‘You’ve had to deal with 30,000 refugees?….in the region?’
‘No…in the city’
This was how a ‘getting-to-know-you’ conversation began two weeks ago, as six senior officials responsible for migrants’ educational achievement at city or municipal level arrived in Hamburg for a new COMPAS initiative. We were meeting at one of a series of short but intensive action-oriented meetings, aimed at bringing together city officials working on migrant parental involvement in young people’s education, in order to develop plans for tangible reform in their policy or practice.
This activity is part of a wider body of new work at COMPAS, the Action for Inclusion in Europe Initiative, funded by the Open Society Initiative for Europe. In early October, we began with an Autumn Academy, for a five day residential workshop that brought together 19 policy officers and practitioners from European city authorities, an International Governmental Organisation and NGO. All were working in various capacities on migrant integration.
Over recent weeks, other thematic working groups were held that engaged senior officials working on migrant homelessness and civic participation, as well as last week’s event on migrant parental engagement in schools. The events have reached 35 participants from 26 European cities, including representatives from Antwerp, Aarhus, Birmingham, Dublin, Frankfurt, Geneva, Ghent, Glasgow, Hamburg, Helsinki, London, Rotterdam, Torino and Vienna among others.
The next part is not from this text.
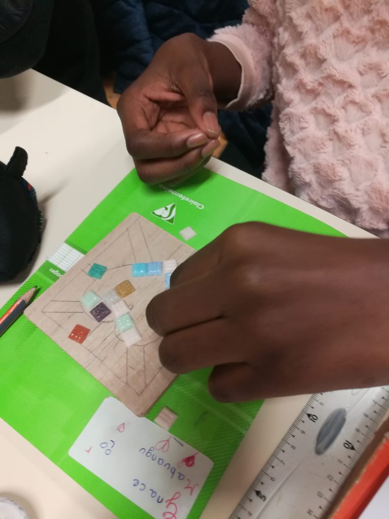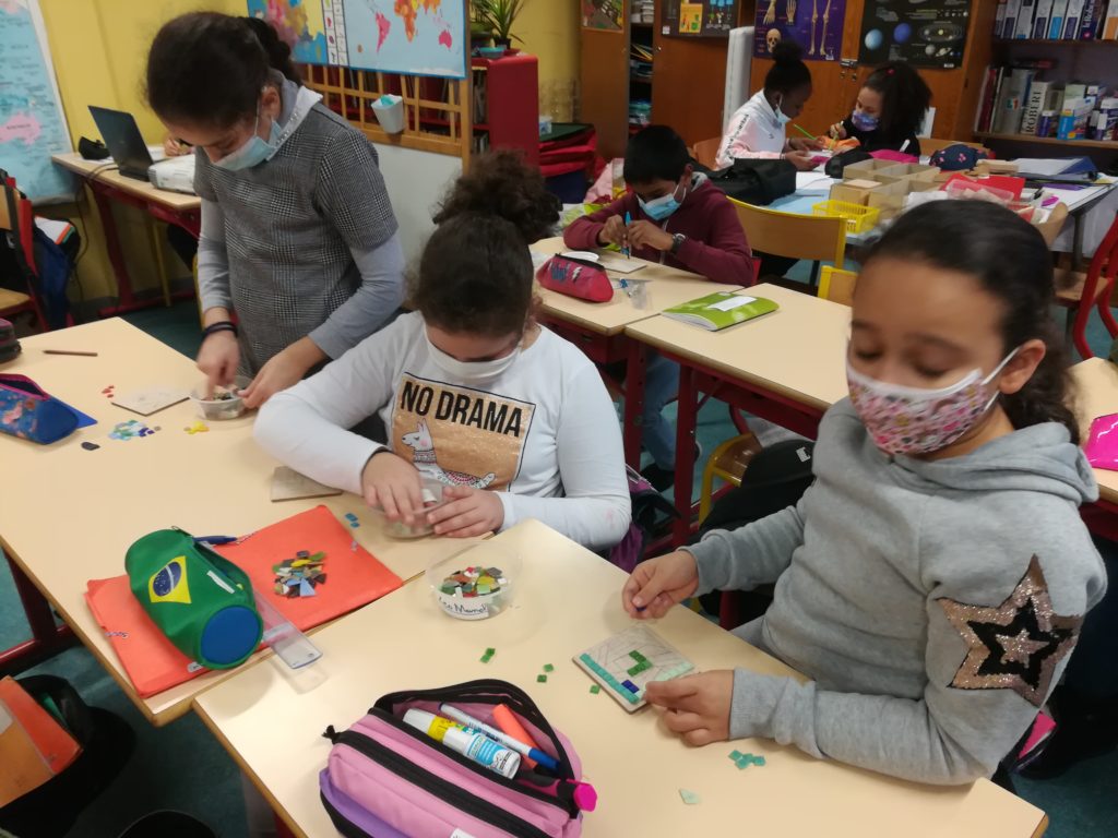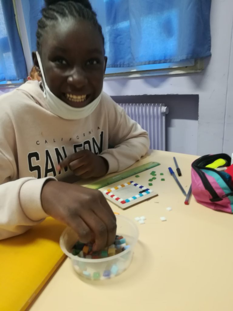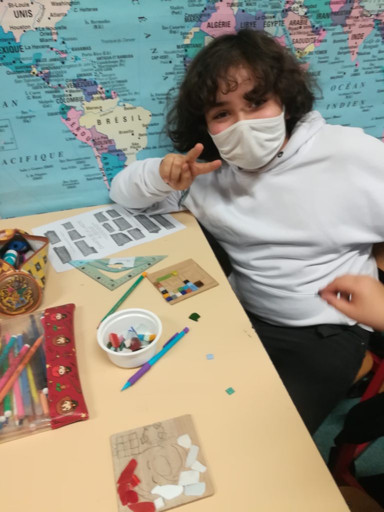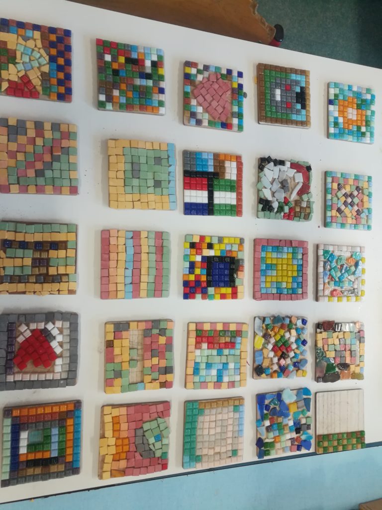 Après avoir travaillé sur l’art pendant l’Antiquité nous avons réalisé des mosaïques à l’aide de petits carreaux en pâte de verre ou en texture antique.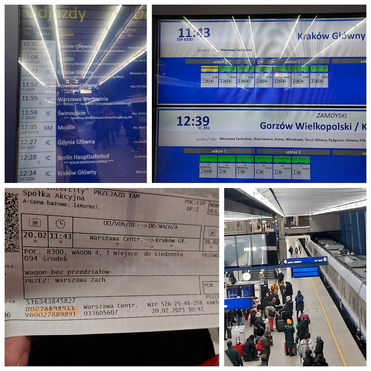 11시 43분 크라쿠프행 4번 플랫폼. 전광판에 안내된 대로 플랫폼에 내려갔다. 11시 20분 무렵 안내방송이 나오기 시작했는데 기다리던 사람들이 그 안내방송에 잠시 어수선해졌다가 흩어졌다. 누군가 나에게 열차에 대해 묻는데, 영어도 약한 상태에서 폴란드어 안내방송을 알아들을 도리가 없었다. 전광판에 30분 지연 안내가 떠 있었다.

So what were we doing? The process has been guided by a broad principle of ‘knowledge exchange’ central to the work of the new arm of COMPAS, the Global Exchange in Migration and Diversity. This knowledge exchange involves COMPAS researchers or associates (including myself, Ben Gidley, Jonathan Price and Sarah Spencer). Throughout the events, we offer insights from academic research, frame key themes and debates in the topics of the working groups and facilitate city participants to collectively consider their experiences in practice.
The aim is to consider how best participants can overcome challenges within their daily work around ‘integration’ (variously understood). That daily work ranges from our German participants responding to newly arrived refugees in education or healthcare to others facilitating employment opportunities for migrants. More concretely, the goal of the working groups, which will be revisited in two further meetings next year for each theme, is to secure a tangible change in policy or practice that leads to better outcomes for migrants.
What benefits is this initiative expected to bring? The process so far has exceeded expectations. Most palpably, the events have addressed a sense of isolation that some of these public officers face; working to develop solutions to new issues facing cities that are unprecedented in scale, over ground sometimes untrodden. Their work as public servants is carried out in the contexts of an ambivalent public response that ranges from overwhelming compassion for new migrants to a hostile anti-immigrant sentiment that translates into brutal cuts in budgets and services.
As a researcher, the events have offered us genuine new understanding of this work, particularly into the dynamics of the ‘local turn’ in integration policy. This development recognises that although migration is a national issue created by migrants crossing state borders, it is cities that confront the rapid changes in their population. The set of processes understood broadly as migrant ‘integration’ occurs locally (Penninx 2009, Caponio and Bokert 2010). Through the discussions, we have gained a better appreciation of the influence of national government and politics, which translates into varying degrees of agency or powerlessness possessed by participating officials to change policy and practice at the local level.
In recognizing the dilemmas some of the individuals were grappling with over recent weeks, I have been reminded of what Hannah Jones (2013) terms the ‘uncomfortable positions’ experienced by those working in public services. Inviting those working around community cohesion in local government to reflect on their work with her, she invoked Nikolas Rose’s ‘agonistic politics of ethics’ (1999) and Chantal Mouffe’s (2005) call for an ‘ethics of the political’ (2013: 14) to understand officials’ emotional struggles in creating and participating in regimes of governmentality. Jones convincingly describes the interrogations, debates and ‘sociological imagination’ required of individuals to manage the tensions and contradictions of their work within broader constraints.
The Action for Inclusion initiative invites the opportunity for the insights of something of an ‘anthropological imagination’ to be considered within public officer’s reflections, dialogue and theories of their practice. Networks and events such as these are useful on many levels; they give opportunities for sharing practice, borrowing good ideas from elsewhere and getting peer feedback from others facing similar dilemmas. But, more strikingly, they also offer the space for individuals to explain their routine ways of doing things to others, among those working outside the sometimes comfortable shared understanding of ‘how it is’ in local practice. And, sometimes, confronting those presumptions, moving from ‘how it is’ to thinking about ‘what it might be’ is crucial to developing strategies that will really lead to tangible reform for migrants in their cities.